> **Work required**
Once you find the line with "Vývojová doska s" in the listing below, set down exactly every line from it through the line with "Matky a dcery", but no pictures.

> **The records**
━━━━━━━━━━━━━━━━

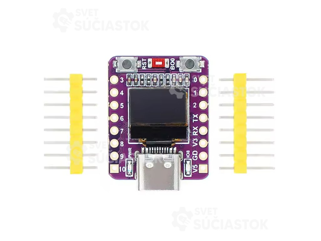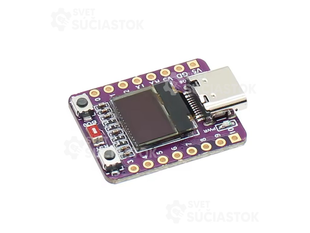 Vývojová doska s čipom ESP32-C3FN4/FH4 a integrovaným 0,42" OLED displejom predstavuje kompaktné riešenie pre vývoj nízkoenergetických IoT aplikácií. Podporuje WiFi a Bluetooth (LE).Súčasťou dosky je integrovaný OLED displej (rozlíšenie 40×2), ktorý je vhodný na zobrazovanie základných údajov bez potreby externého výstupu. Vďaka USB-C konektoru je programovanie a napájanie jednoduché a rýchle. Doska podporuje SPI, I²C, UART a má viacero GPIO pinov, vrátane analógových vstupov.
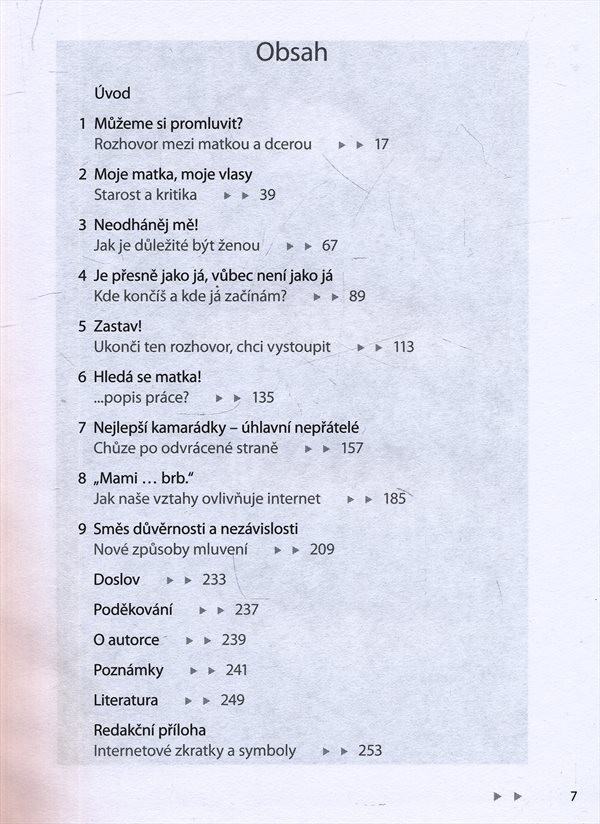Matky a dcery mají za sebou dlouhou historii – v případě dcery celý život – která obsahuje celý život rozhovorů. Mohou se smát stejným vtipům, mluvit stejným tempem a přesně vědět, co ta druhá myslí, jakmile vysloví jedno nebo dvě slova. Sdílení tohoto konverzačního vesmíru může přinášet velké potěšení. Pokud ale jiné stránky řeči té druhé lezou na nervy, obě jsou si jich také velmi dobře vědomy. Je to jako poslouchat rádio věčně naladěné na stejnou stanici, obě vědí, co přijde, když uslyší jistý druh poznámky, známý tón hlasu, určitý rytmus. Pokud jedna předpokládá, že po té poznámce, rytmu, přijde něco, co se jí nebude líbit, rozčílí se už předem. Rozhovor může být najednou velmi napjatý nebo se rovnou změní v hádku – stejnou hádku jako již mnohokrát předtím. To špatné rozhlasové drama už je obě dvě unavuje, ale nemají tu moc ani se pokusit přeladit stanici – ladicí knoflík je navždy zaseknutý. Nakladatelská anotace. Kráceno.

━━━━━━━━━━━━━━━━

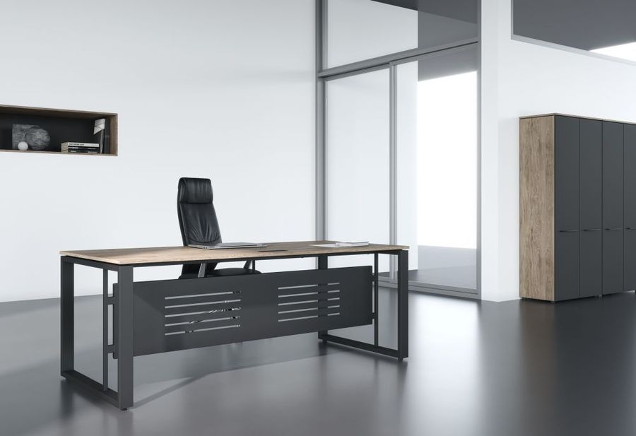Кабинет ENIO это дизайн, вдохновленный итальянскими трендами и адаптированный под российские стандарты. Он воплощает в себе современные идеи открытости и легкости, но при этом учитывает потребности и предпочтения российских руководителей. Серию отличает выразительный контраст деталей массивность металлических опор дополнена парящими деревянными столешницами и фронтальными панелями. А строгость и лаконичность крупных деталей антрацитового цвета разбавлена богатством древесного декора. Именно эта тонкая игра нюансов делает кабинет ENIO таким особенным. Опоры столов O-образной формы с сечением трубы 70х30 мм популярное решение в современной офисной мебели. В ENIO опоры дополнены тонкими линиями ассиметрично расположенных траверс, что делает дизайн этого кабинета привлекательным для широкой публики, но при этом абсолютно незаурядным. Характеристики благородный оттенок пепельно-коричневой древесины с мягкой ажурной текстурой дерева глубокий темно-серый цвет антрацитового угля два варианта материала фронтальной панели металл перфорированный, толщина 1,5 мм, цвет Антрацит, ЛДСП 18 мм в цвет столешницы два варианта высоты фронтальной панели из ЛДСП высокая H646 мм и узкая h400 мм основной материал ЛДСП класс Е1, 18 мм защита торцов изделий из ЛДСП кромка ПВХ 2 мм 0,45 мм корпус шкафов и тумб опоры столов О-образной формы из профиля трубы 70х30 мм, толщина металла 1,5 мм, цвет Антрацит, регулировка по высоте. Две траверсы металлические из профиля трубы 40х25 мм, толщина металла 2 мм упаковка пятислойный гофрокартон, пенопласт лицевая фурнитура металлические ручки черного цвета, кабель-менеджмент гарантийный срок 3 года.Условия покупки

━━━━━━━━━━━━━━━━

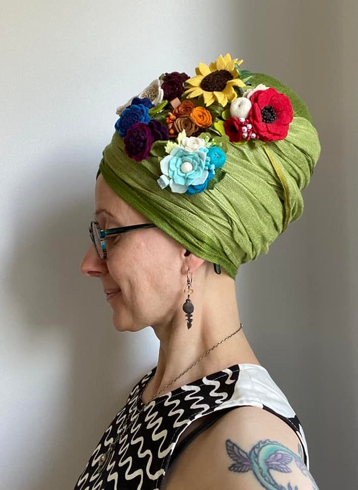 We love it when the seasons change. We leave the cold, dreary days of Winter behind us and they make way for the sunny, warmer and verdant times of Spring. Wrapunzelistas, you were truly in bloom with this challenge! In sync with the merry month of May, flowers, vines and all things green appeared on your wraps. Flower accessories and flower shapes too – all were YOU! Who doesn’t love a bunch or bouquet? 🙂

━━━━━━━━━━━━━━━━

> **Solution for this problem**
 Vývojová doska s čipom ESP32-C3FN4/FH4 a integrovaným 0,42" OLED displejom predstavuje kompaktné riešenie pre vývoj nízkoenergetických IoT aplikácií. Podporuje WiFi a Bluetooth (LE).Súčasťou dosky je integrovaný OLED displej (rozlíšenie 40×2), ktorý je vhodný na zobrazovanie základných údajov bez potreby externého výstupu. Vďaka USB-C konektoru je programovanie a napájanie jednoduché a rýchle. Doska podporuje SPI, I²C, UART a má viacero GPIO pinov, vrátane analógových vstupov.
Matky a dcery mají za sebou dlouhou historii – v případě dcery celý život – která obsahuje celý život rozhovorů. Mohou se smát stejným vtipům, mluvit stejným tempem a přesně vědět, co ta druhá myslí, jakmile vysloví jedno nebo dvě slova. Sdílení tohoto konverzačního vesmíru může přinášet velké potěšení. Pokud ale jiné stránky řeči té druhé lezou na nervy, obě jsou si jich také velmi dobře vědomy. Je to jako poslouchat rádio věčně naladěné na stejnou stanici, obě vědí, co přijde, když uslyší jistý druh poznámky, známý tón hlasu, určitý rytmus. Pokud jedna předpokládá, že po té poznámce, rytmu, přijde něco, co se jí nebude líbit, rozčílí se už předem. Rozhovor může být najednou velmi napjatý nebo se rovnou změní v hádku – stejnou hádku jako již mnohokrát předtím. To špatné rozhlasové drama už je obě dvě unavuje, ale nemají tu moc ani se pokusit přeladit stanici – ladicí knoflík je navždy zaseknutý. Nakladatelská anotace. Kráceno.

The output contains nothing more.